→ WORK ORDER
Your answer must be the data repeated exactly, with no pictures in it.

→ RAW DATA
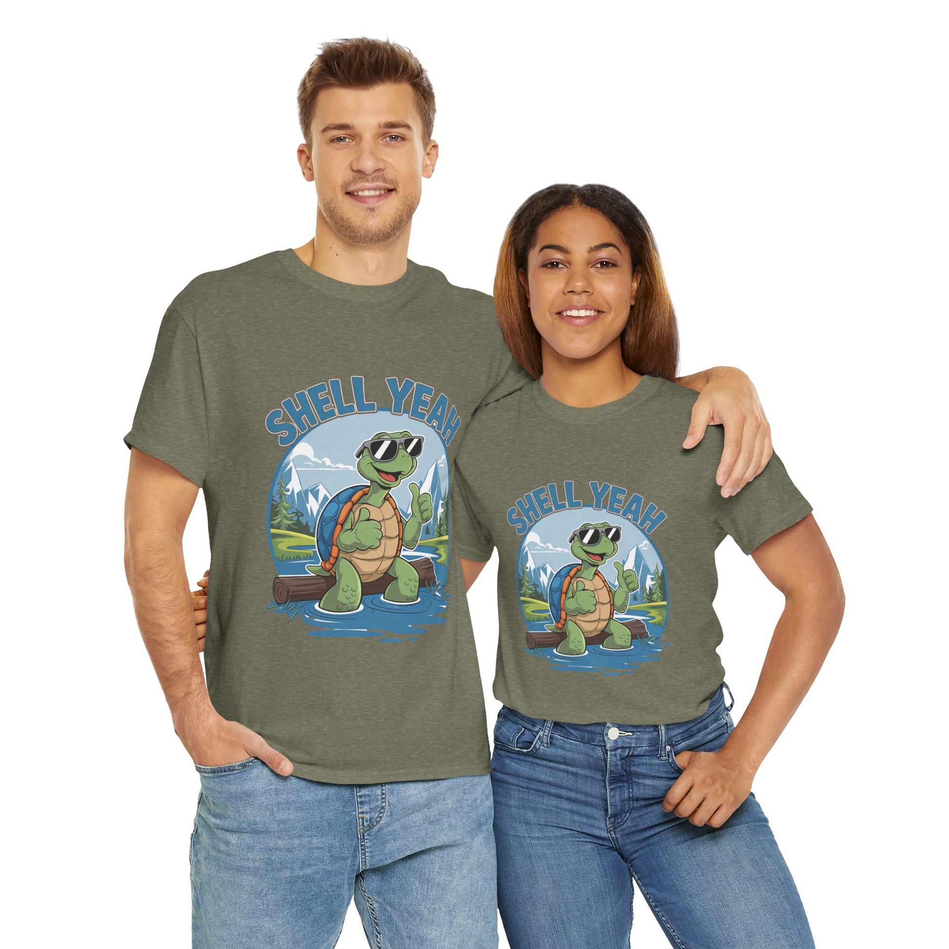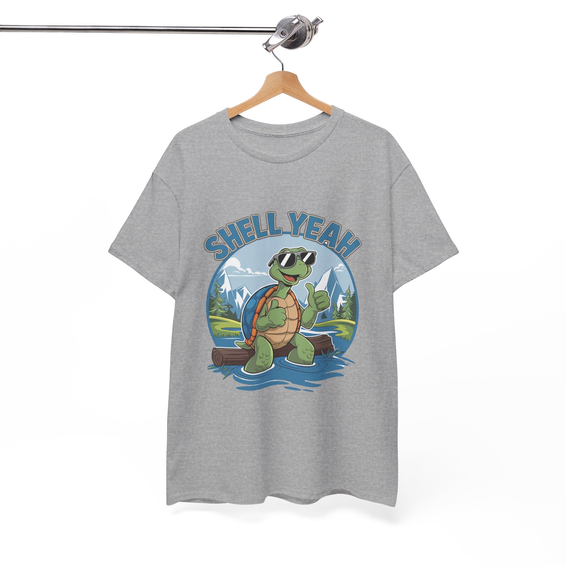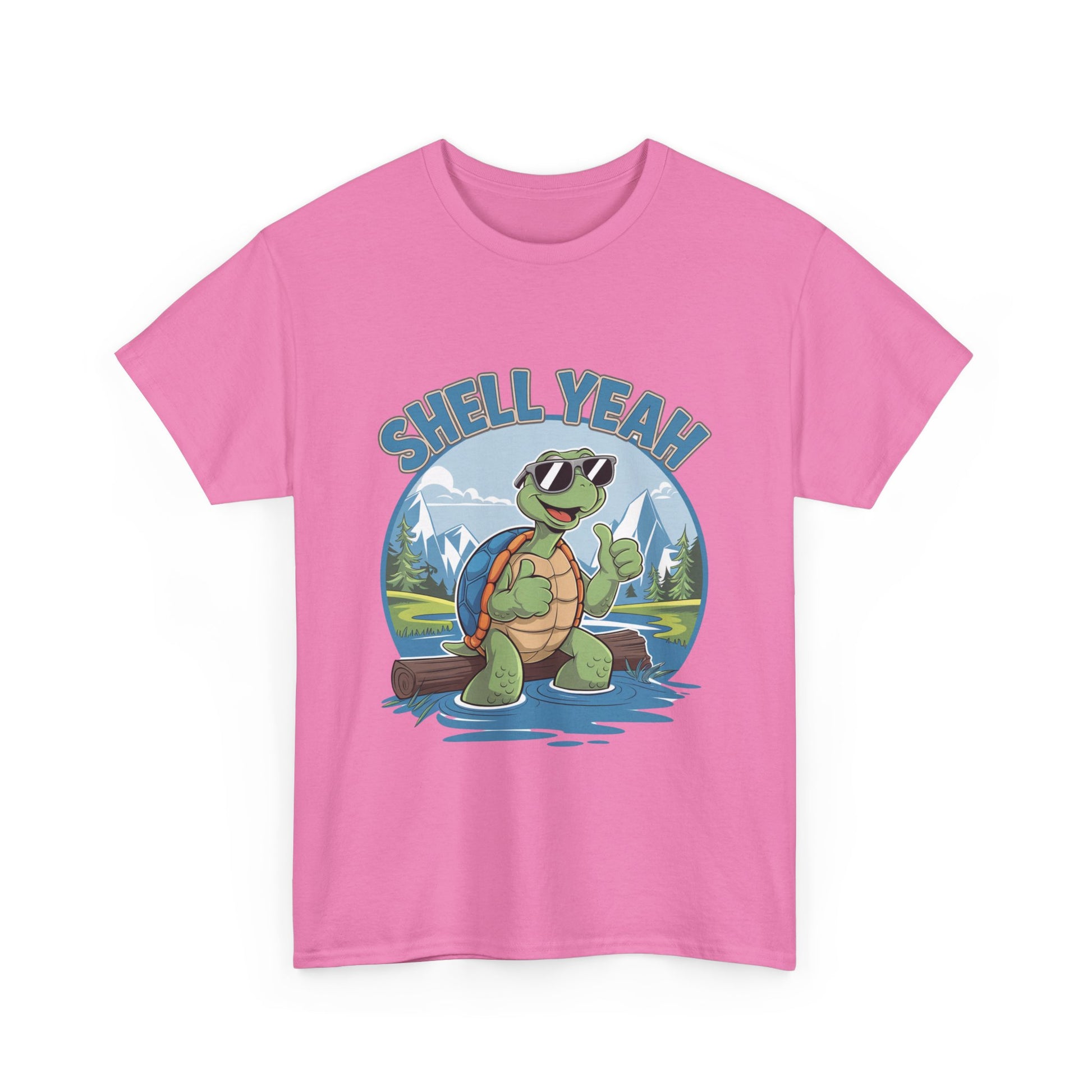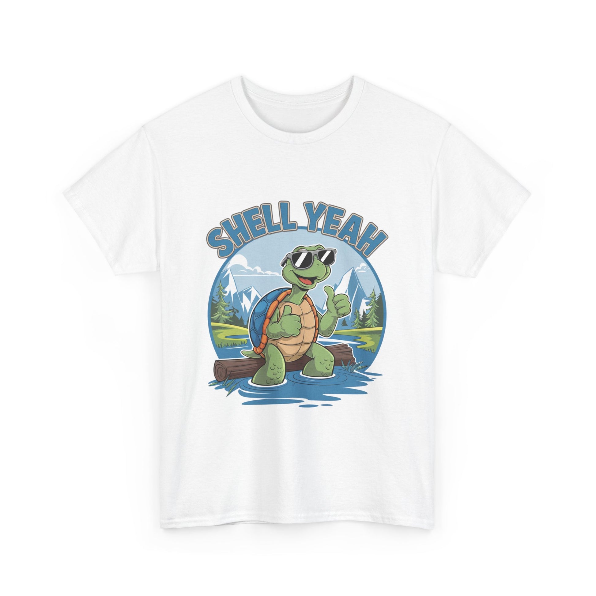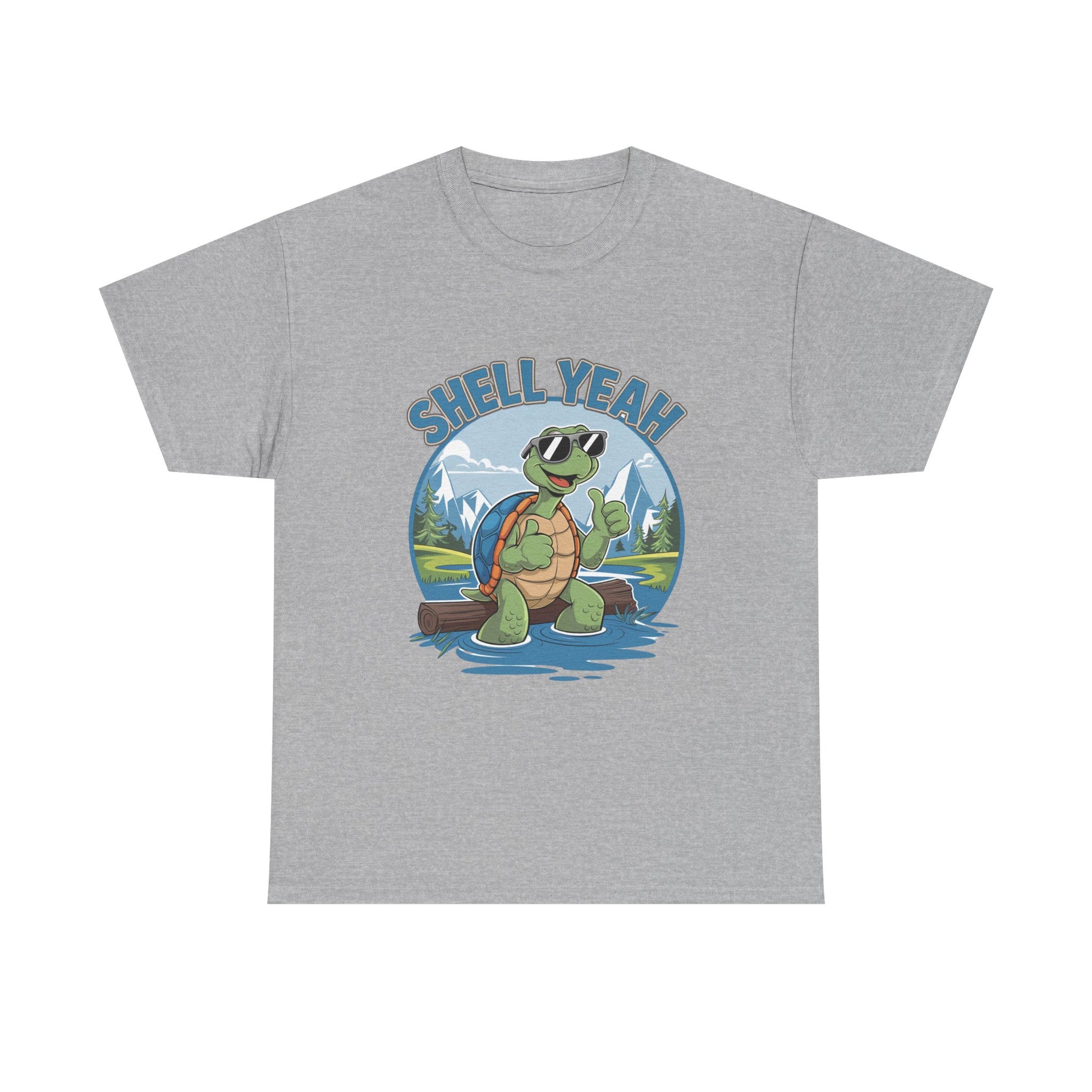 - Discover your new favorite tee with this “SHELL YEAH Turtle T‑Shirt”, a perfect blend of humor and nature-inspired fun. Featuring a laid-back turtle wearing sunglasses and giving a thumbs‑up—set against a scenic lake and mountain backdrop—this design brings joy and adventure vibes wherever you go.
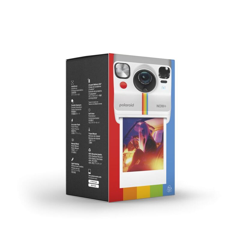 The app-connected Polaroid Now+ Generation 2 instant camera gives you creative control through the Polaroid App: Aperture priority, light painting, double exposure, self-timer, manual mode and more—plus 5 lens filters you can attach to the camera. All in a classic design, and now made with 40% recycled materials. Compatible with Polaroid i-Type & 600 film in the original Polaroid instant film format.
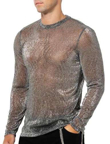 Casey Kevin Transparent Skjorta Herr Långärmad Glitter Mesh Mesh Paljetter Sexiga Kläder Disco Mesh Shirt Fishnet Genomskinlig T-shirt Se Genom Toppar Clubwear Party Night, D1-svart, M
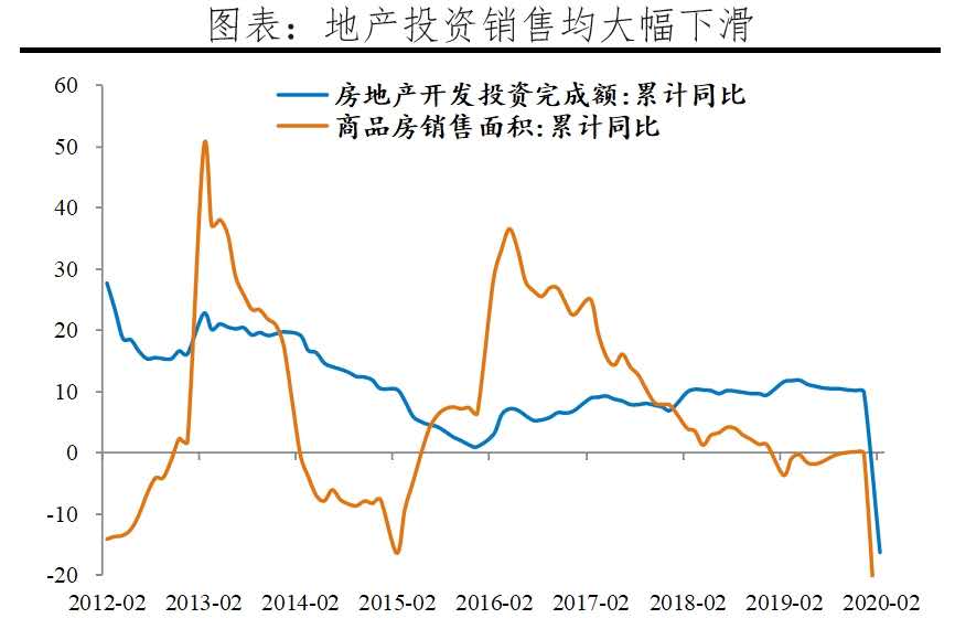 1-2月房地產(chǎn)投資累計同比-16.3%,較去年12月下滑23.7個百分點(diǎn),創(chuàng)歷史新低。1)土地購置負(fù)增長,但土地溢價率較去年三四季度有所恢復(fù)。部分百強(qiáng)企業(yè)前兩月在土地市場零投資,1-2月土地購置面積累計同比-29.3%,較去年12月下滑36.8個百分點(diǎn)。據(jù)中指院數(shù)據(jù),1-2月300城土地平均成交溢價率分別為11.6%和11.1%,而去年三四季度分別為10%和9%,300城住宅用地流拍面積減少37%。2)新開工、竣工增速均暴跌。1-2月新開工面積、施工面積、竣工面積累計同比分別為-44.9%、2.9%、-22.9%,分別較12月下滑52.3、6.2和43.1個百分點(diǎn)。3)庫存去化速度放緩,但仍處歷史低位。1-2月商品房待售面積累計同比為1.4%,較12月上升5.2個百分點(diǎn),但由于此前庫存去化充分,當(dāng)前商品房待售面積仍為近五年低位水平。未來復(fù)工推進(jìn)、地產(chǎn)銷售復(fù)蘇、加快期房竣工和舊改等,將托底房地產(chǎn)投資。
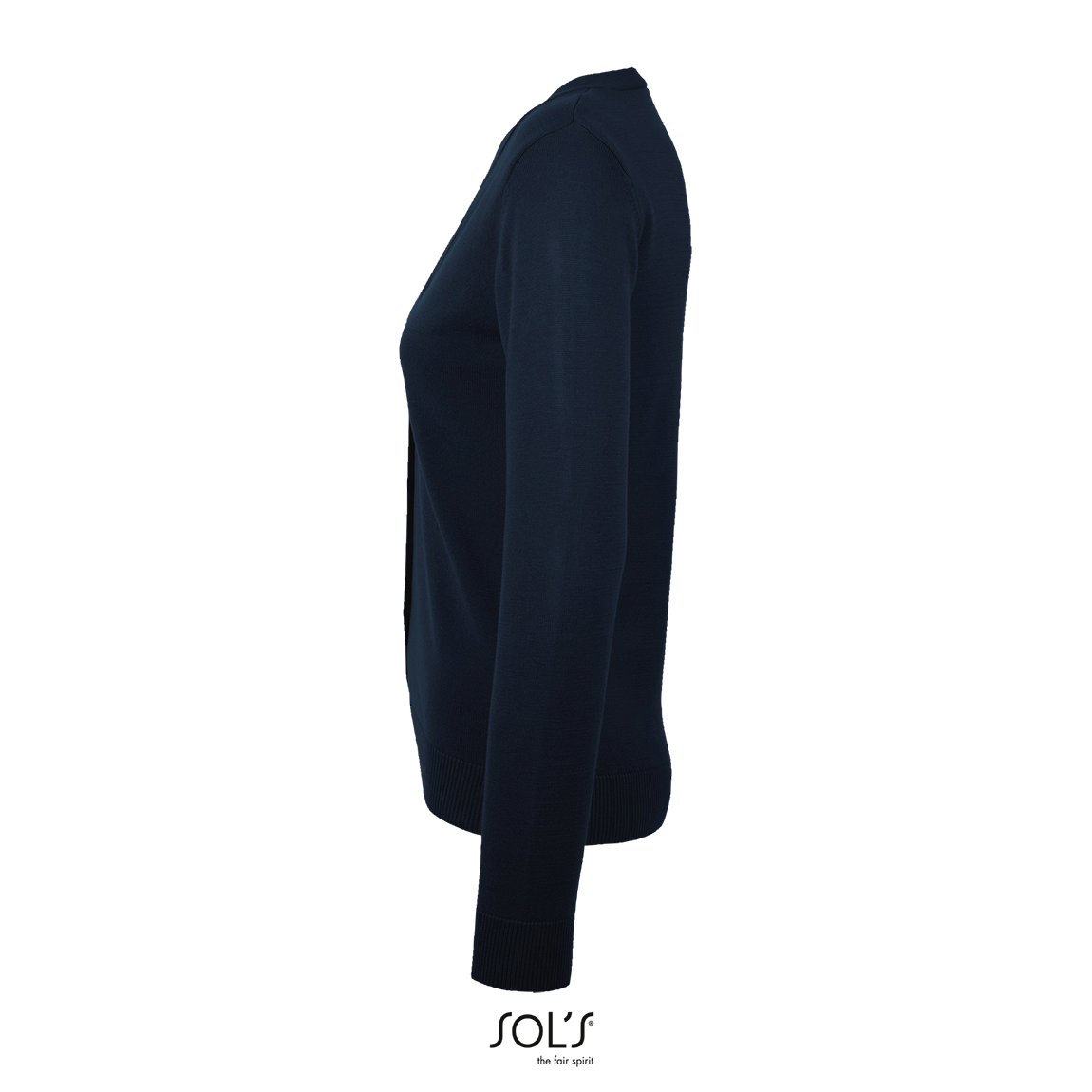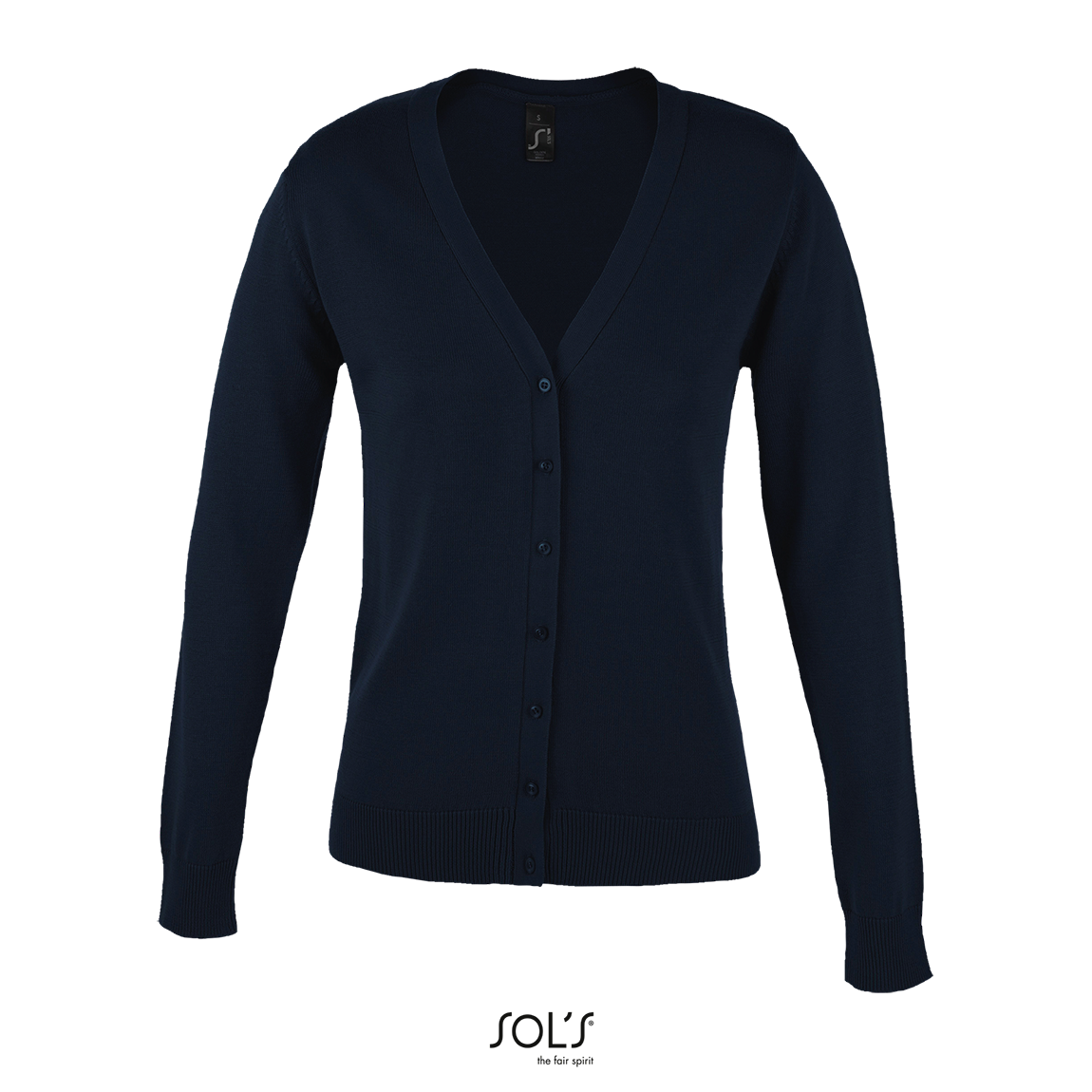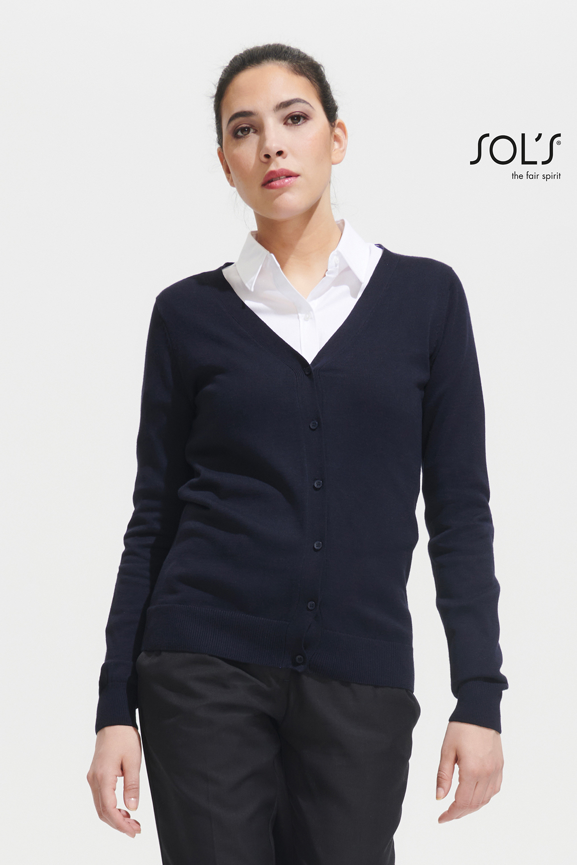Η γυναικεία πλεκτή ζακέτα διαθέτει λαιμόκοψη V, μοντέρνες μασχάλες και ριπ στις μανσέτες και τη μέση. Περιλαμβάνει πλεκτή πατιλέτα με κουμπιά στον ίδιο τόνο, παρέχοντας μια κομψή και επαγγελματική εμφάνιση. Οι εξωτερικές ραφές προσθέτουν μοναδικό στιλ με εφαρμοστή γραμμή.

→ EXERCISE OUTPUT
 - Discover your new favorite tee with this “SHELL YEAH Turtle T‑Shirt”, a perfect blend of humor and nature-inspired fun. Featuring a laid-back turtle wearing sunglasses and giving a thumbs‑up—set against a scenic lake and mountain backdrop—this design brings joy and adventure vibes wherever you go.
 The app-connected Polaroid Now+ Generation 2 instant camera gives you creative control through the Polaroid App: Aperture priority, light painting, double exposure, self-timer, manual mode and more—plus 5 lens filters you can attach to the camera. All in a classic design, and now made with 40% recycled materials. Compatible with Polaroid i-Type & 600 film in the original Polaroid instant film format.
 Casey Kevin Transparent Skjorta Herr Långärmad Glitter Mesh Mesh Paljetter Sexiga Kläder Disco Mesh Shirt Fishnet Genomskinlig T-shirt Se Genom Toppar Clubwear Party Night, D1-svart, M
 1-2月房地產(chǎn)投資累計同比-16.3%,較去年12月下滑23.7個百分點(diǎn),創(chuàng)歷史新低。1)土地購置負(fù)增長,但土地溢價率較去年三四季度有所恢復(fù)。部分百強(qiáng)企業(yè)前兩月在土地市場零投資,1-2月土地購置面積累計同比-29.3%,較去年12月下滑36.8個百分點(diǎn)。據(jù)中指院數(shù)據(jù),1-2月300城土地平均成交溢價率分別為11.6%和11.1%,而去年三四季度分別為10%和9%,300城住宅用地流拍面積減少37%。2)新開工、竣工增速均暴跌。1-2月新開工面積、施工面積、竣工面積累計同比分別為-44.9%、2.9%、-22.9%,分別較12月下滑52.3、6.2和43.1個百分點(diǎn)。3)庫存去化速度放緩,但仍處歷史低位。1-2月商品房待售面積累計同比為1.4%,較12月上升5.2個百分點(diǎn),但由于此前庫存去化充分,當(dāng)前商品房待售面積仍為近五年低位水平。未來復(fù)工推進(jìn)、地產(chǎn)銷售復(fù)蘇、加快期房竣工和舊改等,將托底房地產(chǎn)投資。
Η γυναικεία πλεκτή ζακέτα διαθέτει λαιμόκοψη V, μοντέρνες μασχάλες και ριπ στις μανσέτες και τη μέση. Περιλαμβάνει πλεκτή πατιλέτα με κουμπιά στον ίδιο τόνο, παρέχοντας μια κομψή και επαγγελματική εμφάνιση. Οι εξωτερικές ραφές προσθέτουν μοναδικό στιλ με εφαρμοστή γραμμή.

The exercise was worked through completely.